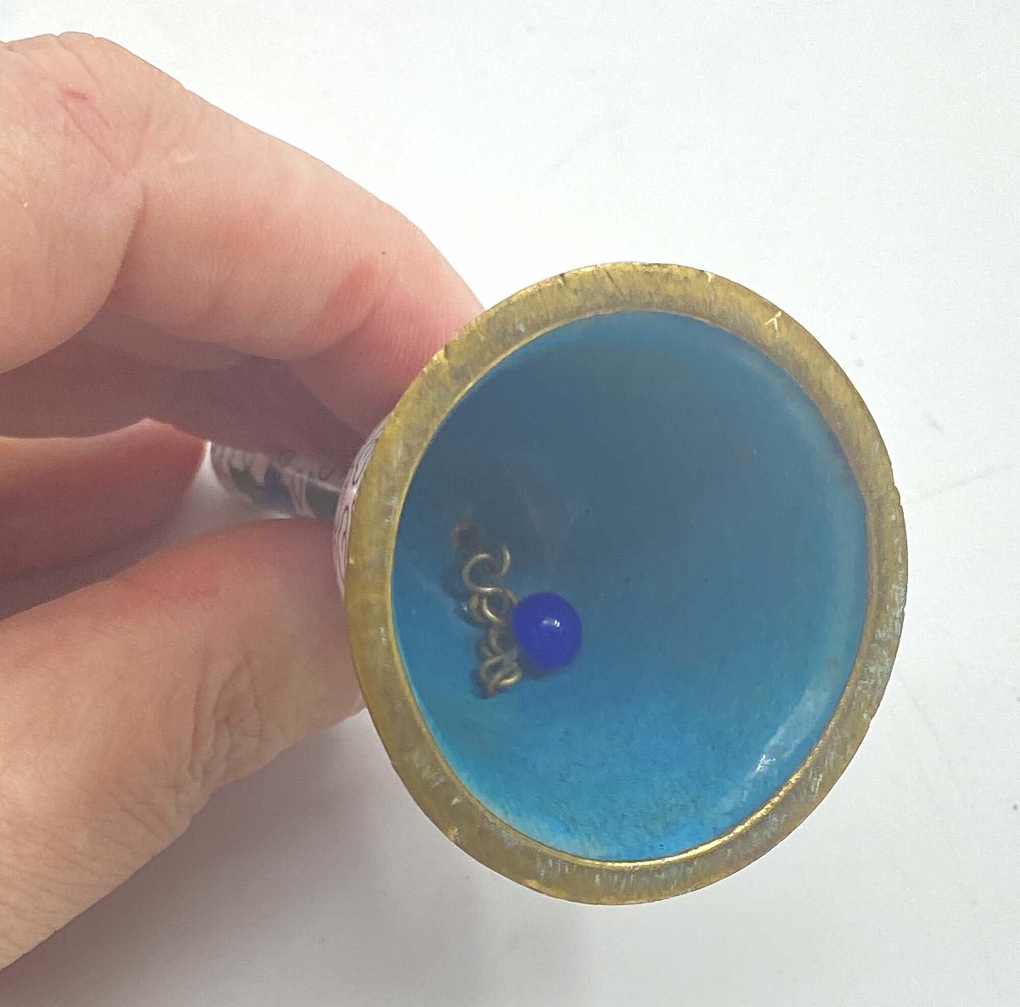 This is a very interesting and unusual small bell that is covered in Chinese cloisonné designs. The interior has turquoise enamelling. Presumably a desk ornament, possibly allowing the scholar to make a request for more ink!PLEASE NOTE THAT THERE IS FREE UK SHIPPING ON THIS ITEM. For international buyers the shipping cost will be reduced by the UK shipping cost, so don't worry if you are outside the UK, you still receive this benefit!
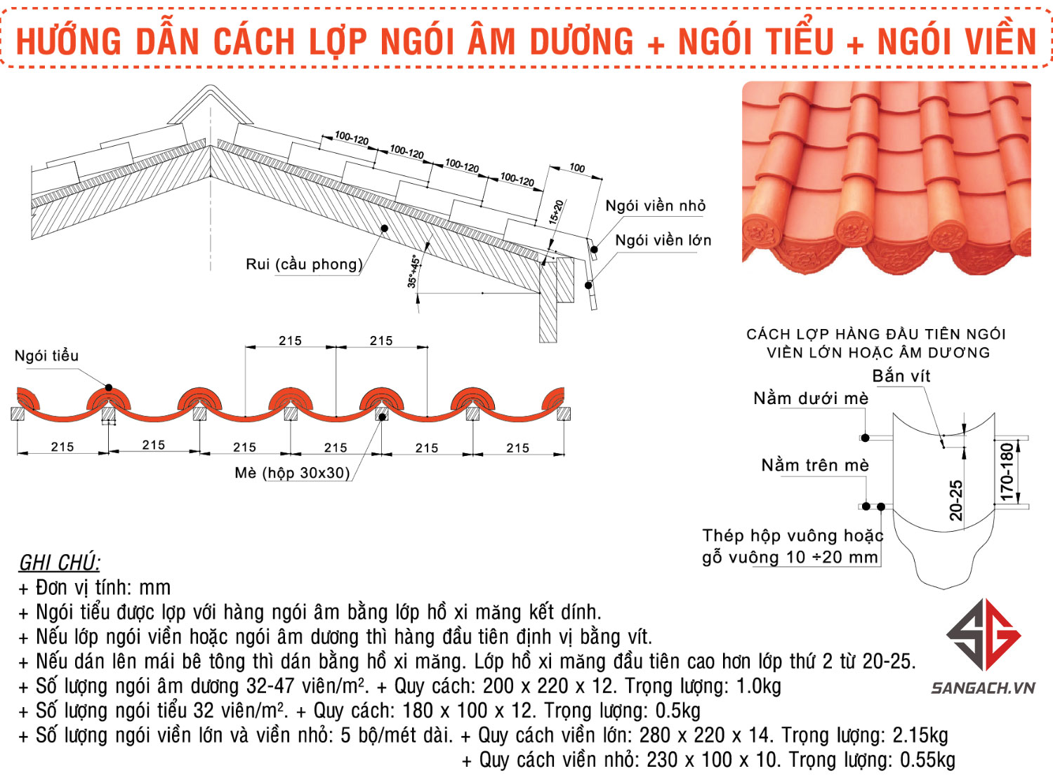 Ngói Âm Dương là một loại ngói truyền thống với thiết kế đặc trưng của văn hóa Á Đông, thường được sử dụng trong các công trình như chùa, đền, nhà cổ, resort và các khu du lịch. Dưới đây là một số thông tin chi tiết về Ngói Âm Dương, cách lợp ngói, và các ứng dụng phổ biến.
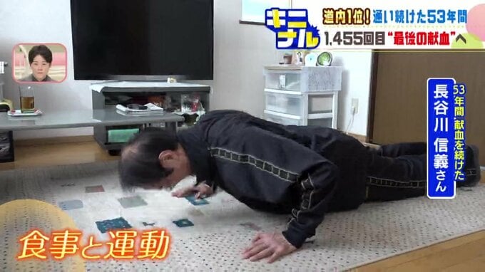 「健康でないと献血ができないということがありまして、食事と運動に気を付けて生活しています。ありきたりですけど、暴飲暴食を避けるとか体にいいものをバランスよくということで」
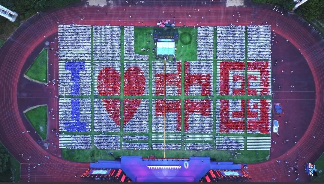 1.2万余名本硕博新生满怀青春热忱,从这里踏上逐梦之旅。他们身着玉兰白、上大蓝、中国红三色新生服,汇聚成一幅“I ❤ 中国”的图案。

* What to do
Restate all of the material word for word, leaving every picture out.

* Exercise response
 This is a very interesting and unusual small bell that is covered in Chinese cloisonné designs. The interior has turquoise enamelling. Presumably a desk ornament, possibly allowing the scholar to make a request for more ink!PLEASE NOTE THAT THERE IS FREE UK SHIPPING ON THIS ITEM. For international buyers the shipping cost will be reduced by the UK shipping cost, so don't worry if you are outside the UK, you still receive this benefit!
 Ngói Âm Dương là một loại ngói truyền thống với thiết kế đặc trưng của văn hóa Á Đông, thường được sử dụng trong các công trình như chùa, đền, nhà cổ, resort và các khu du lịch. Dưới đây là một số thông tin chi tiết về Ngói Âm Dương, cách lợp ngói, và các ứng dụng phổ biến.
 「健康でないと献血ができないということがありまして、食事と運動に気を付けて生活しています。ありきたりですけど、暴飲暴食を避けるとか体にいいものをバランスよくということで」
 1.2万余名本硕博新生满怀青春热忱,从这里踏上逐梦之旅。他们身着玉兰白、上大蓝、中国红三色新生服,汇聚成一幅“I ❤ 中国”的图案。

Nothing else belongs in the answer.